AI-driven routing (part 2) Decentralize Routing.

Although AI-driven networking is now a hot research topic, the concept of using ML in decentralized traffic routing dates back to the 1990s.. Decentralized Routing can be splited into two different ground of methods: Single-Agent and Multiagent. However, both group of method are based on the general learning algorithm of Reinforcement Learning technique, which is similar to the previous introduced Centralized Routing.

Fig-0

Single-Agent Reinforcement Learning

Boyan et al. introduced the Q-routing method in [8] to optimize packet routing control. Based on local information and communication, each router in the Q-routing algorithm modifies its policy according to its Q-function. The studies revealed that Q-routing outperformed the nonadaptive shortest route method, especially under heavy workload. Choi et al. introduced predictive Q-routing, a memory-based Q-learning method, in [9] to enhance the learning rate and convergence speed by preserving prior experiences. In addition, Kumar et al. introduced dual reinforcement Q-routing (DRQrouting) in [10], which leverages knowledge obtained from backward and forward exploration to speed up convergence. Reinforcement Learning (RL) was effectively implemented in wireless sensor network routing in [11, 12], with sensors and sink nodes self-adapting to the network environment. In a multiagent system, however, single-agent RL suffers from significant non-convergence. Instead, using multiagent RL to increase network node cooperation is more realistic, and there have been a number of research on MLdriven routing based on multiagent RL.
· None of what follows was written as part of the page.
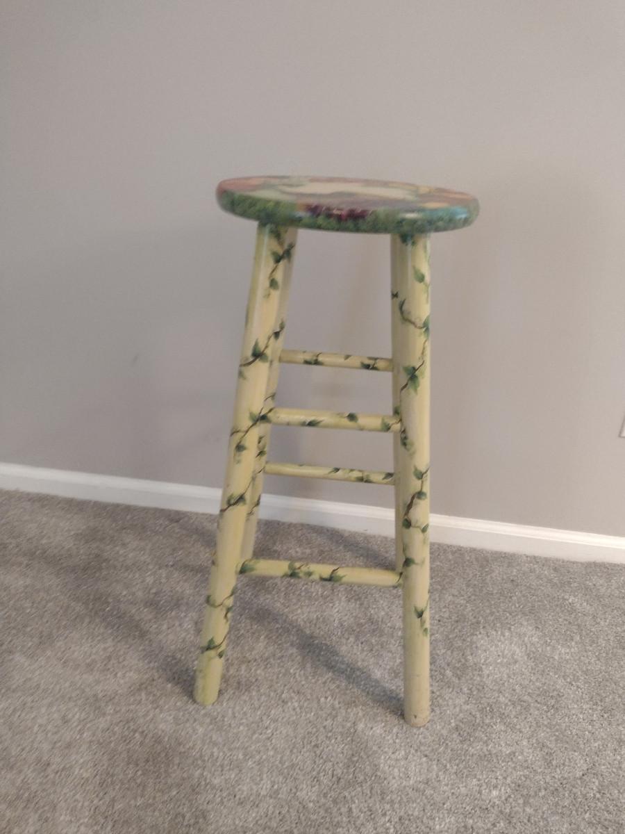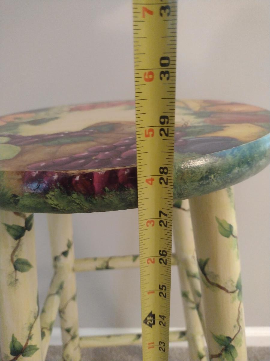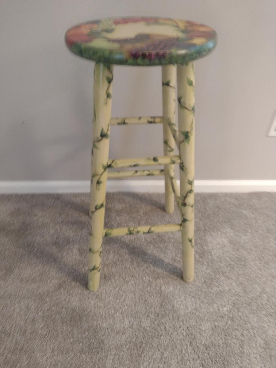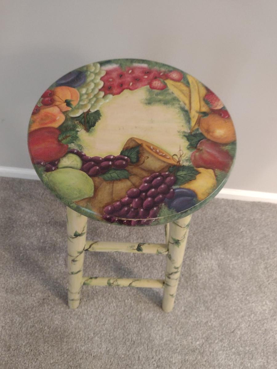 Painted Wooden Stool- Fruit Design- 12 3/4" Wide, 28" Tall

In this part, I also introduce the most up-to-date Q-Probabilistic routing (Q-PR) algorithm described in [12] as belows. For more details about notations, please visit [12].

The Q-PR-algorithm identifies the next hop on the actual route (a) in the form of network packets (not previous phases), b) when message is sent (opportunistic approach), c) using location-based route position and d) taking smart decisions on nodes receiving transmission requests, both based on local information and the importance of these packets. The Q-PR algorithm is summarized as follows,

Q-PR Algorithm

FORWARDING PHASE ( $N_i$ receives a message with a list of other candidates)
if Candidate nodes with higher priority forward the message
then
$N_i$ discards the message
else
1. $N_i$ selects the potential forwarding subset $\phi_{i}^{*}$
2. $N_i$ evaluates $P(T = 1|x)$ and makes decision $d_i$ whether to transmit or not
if $d_i = 1$
then
Broadcast the message destined to $\phi_{i}^{*}$
Broadcast its expected $\hat{Q}_i(\phi_{i}^{*})$
Listen to retransmissions and update candidate neighbor profiles
if no candidate nodes forward
then
go to step 1
end if
end if
end if

explain this code

Fig-1

Figure 1: Illustration of network topology and routing path between node N14 and the sink node (node N54). Discontinuous links show neighborhood relationships. Dead nodes have no discontinuous connection lines [12].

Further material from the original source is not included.